One of the difficulties of understanding Islam is the contradictions that appear. Islam is called the religion of peace, but beheadings under the cry of “Allahu akbar” are common news items. There are non-violent Koran verses such as “let there be no compulsion in religion” which seem contradictory to verses calling for violence against non-Muslims.
Then there is the matter of the Koran dividing the world into believer and Kafir (non-believer). Allah loves the Muslims and hates the Kafir. Indeed, the stated purpose of the Koran is to create a world with no Kafirs.

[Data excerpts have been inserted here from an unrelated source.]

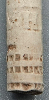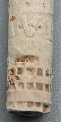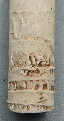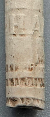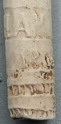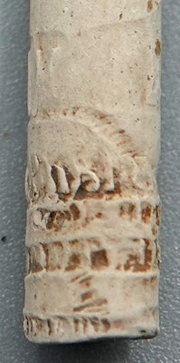 Gevonden in een pijpenstort met stukken pijpenpot, ongerookt. Pijpenstort leek Gouds met merken van Verzijl, zwaan, IB gekroond, HP ongekroond, K maar is gevonden praktisch in Alphen. Zou heel goed Alphen's kunnen zijn. Tevens een duit uit 1788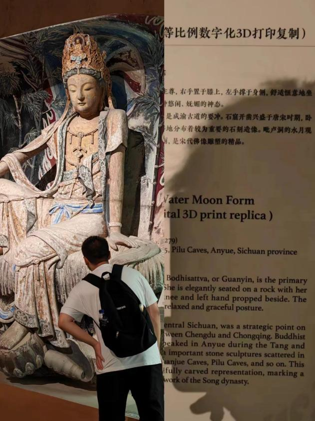图为成员观摩3D打印复原造像龛细节 图为成员观摩3D打印复原水月观音像细节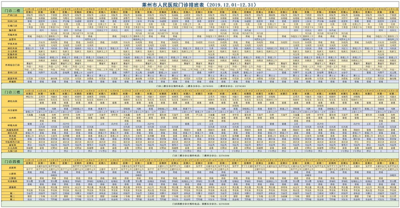 莱州市人民医院12月门诊排班表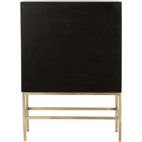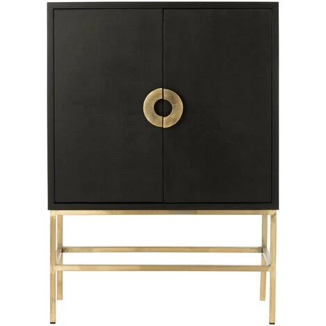 Grâce à cette armoire noire, le décor de votre intérieur aura une touche très design et élégante. Elle est conçue en manguier massif sur des pieds métal doré, ce qui vous procurera une bonne stabilité et un meuble résistant. Elle est équipée de 2 portes battantes qui s’ouvrent sur 2 étagères et 2 tiroirs pour plus de rangements.Matière : Bois de manguierPieds : MétalColoris : Noir et doréDimensions: L 107 x P 45 x H 140 cmPoids : 64 kgNombre de colis : 1Fabrication : EuropeGarantie : 2 ansNous ne livrons pas en Corse.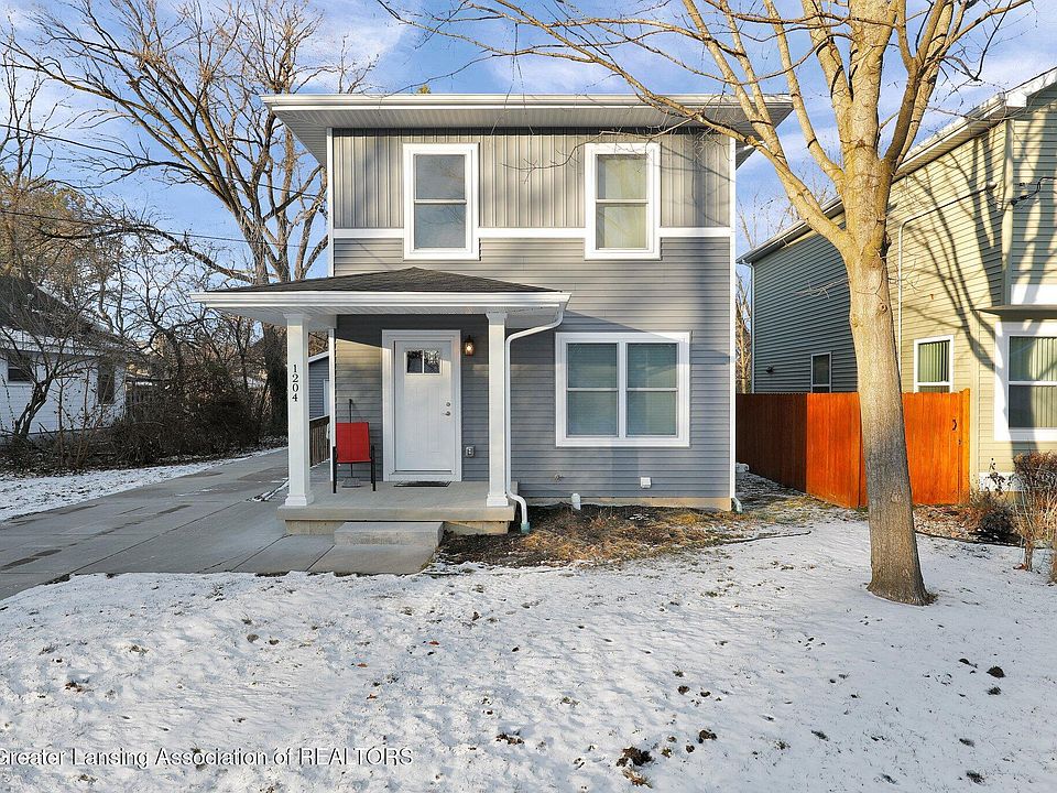 Welcome to 1204 Wolf Court. Built in 2019 it has that new home feel. The home greets you with a covered front porch. The main level offers an open concept floor plan, with recessed lighting and loads of windows. Great for entertaining. The main level also features a first-floor laundry and spacious half bath. The second level has two good size bedrooms along with the primary bedroom with a walk-in closet. The lower level has an egress window and is ready to be finished. Nice private backyard, one car garage with ample storage space. Don't miss out on the reasonably priced new home in East Lansing. Schedule your showing today.

Islamic ethics, based on the Trilogy, differ depending on who you are. A Muslim is to treat another Muslim as family, but a Kafir can be deceived. There are twelve verses in the Koran that say that a Muslim is never the true friend of a Kafir. A Muslim may not be enslaved, but a Kafir may be enslaved.

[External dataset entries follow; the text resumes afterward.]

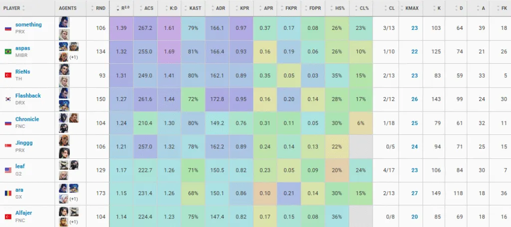 Según vlr.gg, el duelista estrella de 22 años fue el segundo jugador mejor calificado con 1.32 en la fase de grupos de VALORANT Champions 2025—solo detrás de something de Paper Rex, que se quedó con el primer lugar con 1.39. Su logro se explica por la cantidad de rondas multi-kill y eliminaciones decisivas que entregó jugando para Made in Brazil (MIBR) contra equipos como FNATIC, Billibilli Gaming y Rex Regum Qeon. Además, está dentro de los cuatro mejores jugadores en Average Combat Score (255, cuarto lugar) y Kills Per Round (0.93, tercero).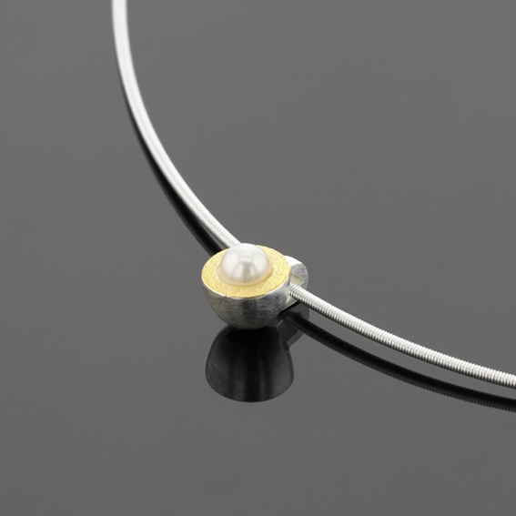 Anhänger MINI Halbkugel 6,5 mit weißer Perle 3 mm mittig, Rand mit 900/-GG belötet. Halbverdeckte Öse innen 2,9 x 2,2 mm.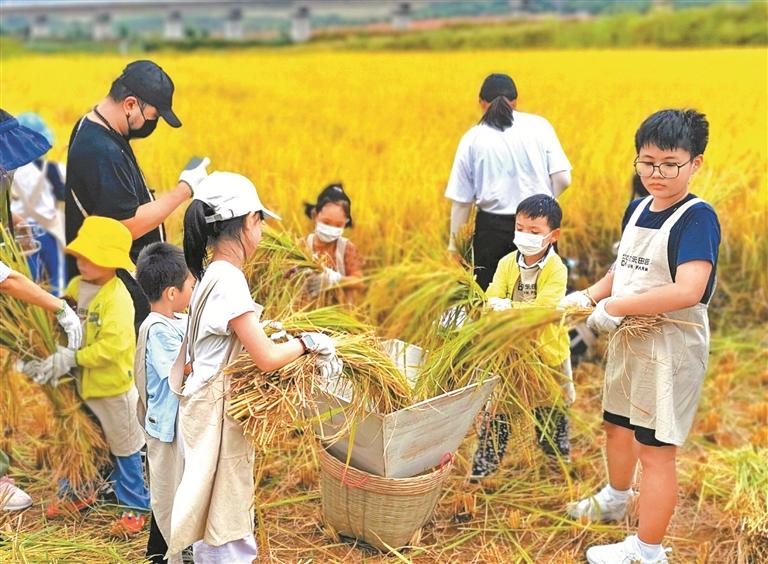 暑假期间,深圳光明欢乐田园推出“欢乐小农夫·丰收夏令营”和“欢乐小农夫·插秧夏令营”劳动教育实践活动,让城里娃体验下田插秧、收割水稻、打稻谷等实践型农耕劳作过程,受到很多家长和小孩的欢迎。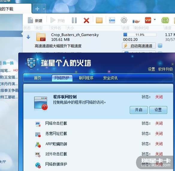 网速正常 我用瑞星防火墙 导致迅雷 下载速度不正常 QQ旋风 下载不稳定 (网截图了) 但是右键保很正常 难道我什么设置错了 我是刚装的 没设置里面的东西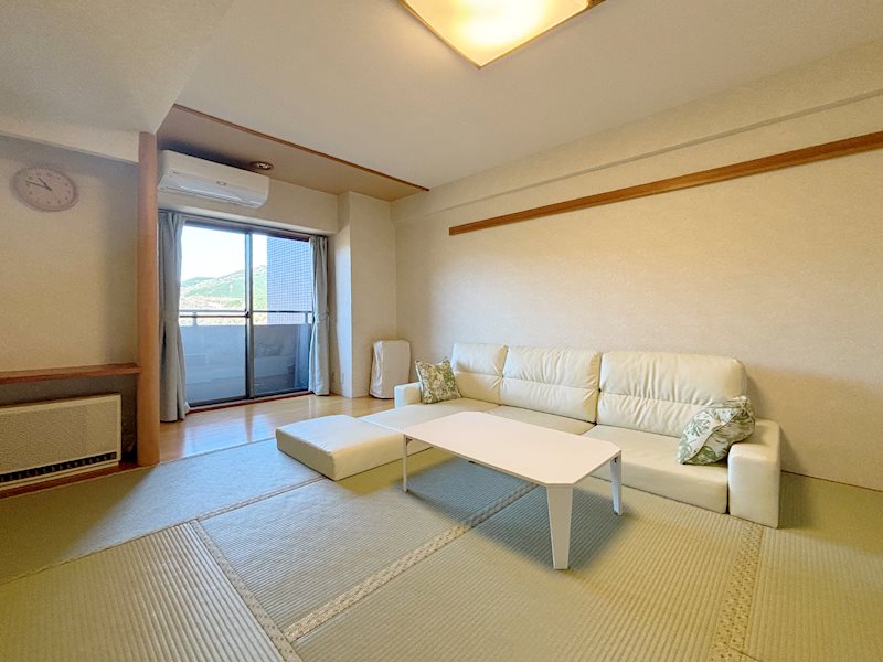 【居室】バルコニー側から和室を撮影。ローソファが配置されています。
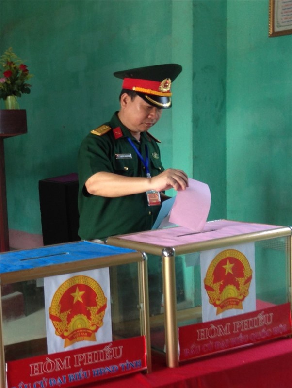 Trong không khí trang nghiêm long trọng, sau lễ khai mạc ngắn gọn, 846 cử tri thuộc LLVT đóng quân trên điạ bàn phường Nam Khê, TP Uông Bí đã tiến hành bỏ phiếu chọn ra những người có đức, có tài tham gia các cơ quan dân cử.
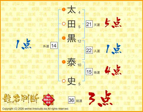 太田黒泰史さんの天運は21画の5点!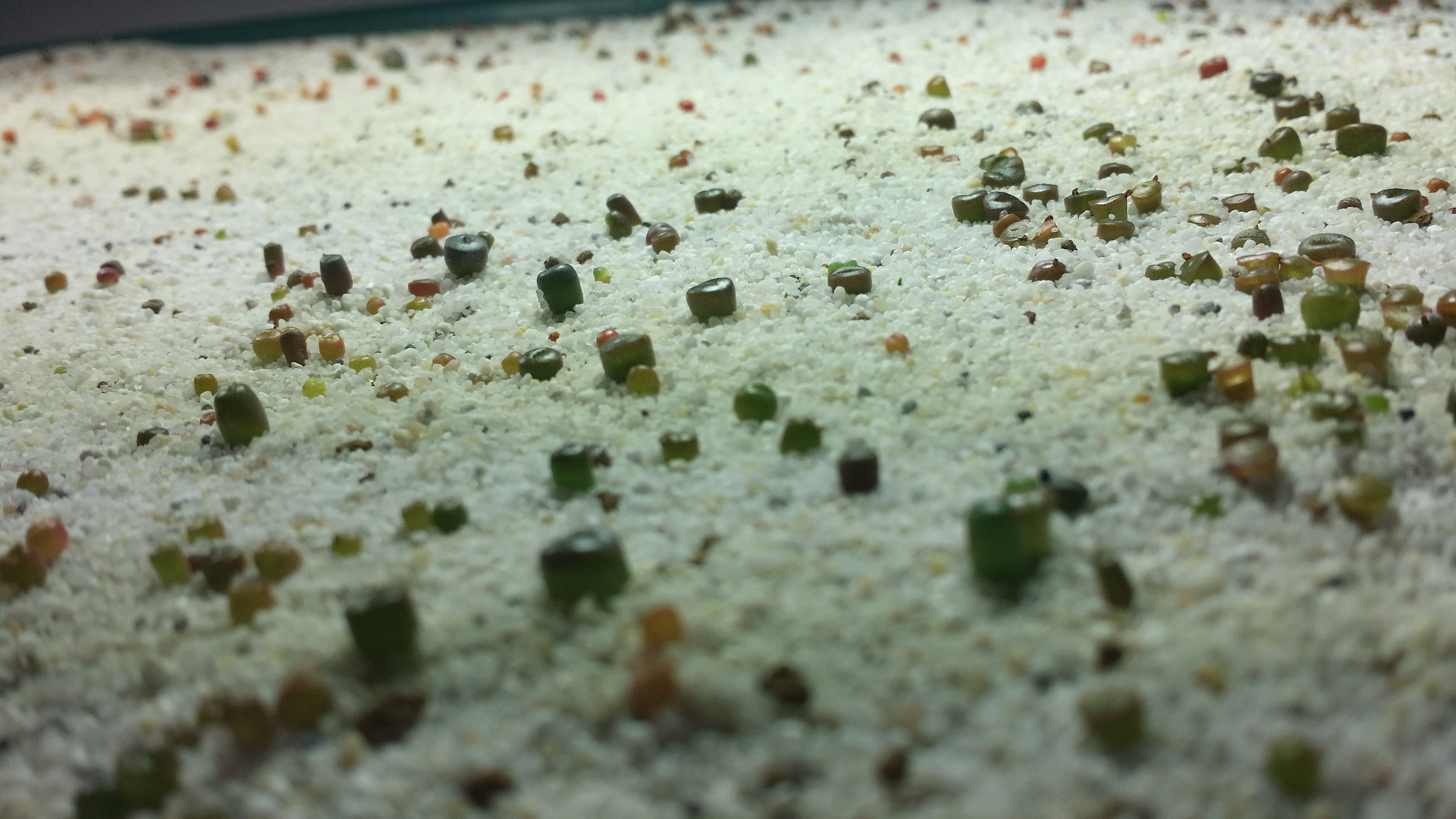 Meine Lithops entwickeln sich ganz gut. Allerdings hatte ich zwischenzeitlich eine Algeninvasion, weil ich sie vermutlich viel zu feucht hielt und auch einmal düngte... Ich habe dann diese fiesen Schleimis in aufwändigster Handarbeit (über 2 Stunden!!! hat das gedauert) aus dem Substrat gepult und neuen Sand ausgebracht. Jetzt kriegen sie nur noch zweimal die Woche Wasser - dann aber ordentlich. Zwischendurch trocknen sie dann gut ab und die Algen wachsen nicht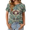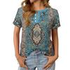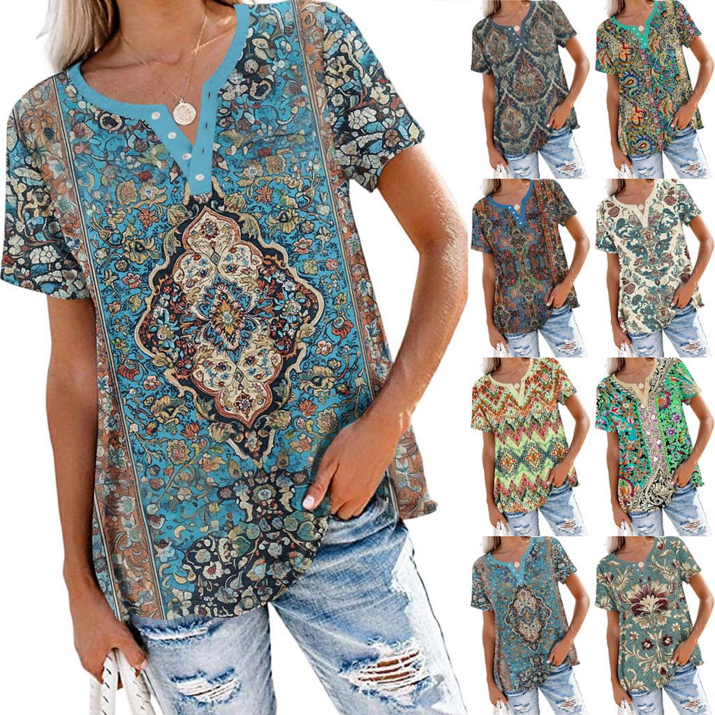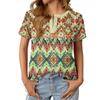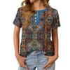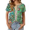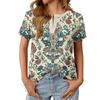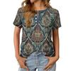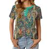 Modieuze Casual Dames Zomer Top met Retro Print, V-hals, Knopen en Korte Mouwen

There are two different Mohammeds. When he was a religious teacher in Mecca, the only violence was verbal and fist fights. But when he went to Medina, he became a politician and a jihadist warrior.
Kafirs ask, “Which one is the real Islam”? The answer is that both are correct. Islam is built on contradictory assertions of a benevolent religious action or of a belligerent, more violent one, whichever seems the most appropriate at the time. The principles of dualism and submission are the defining factors in Islamic doctrine.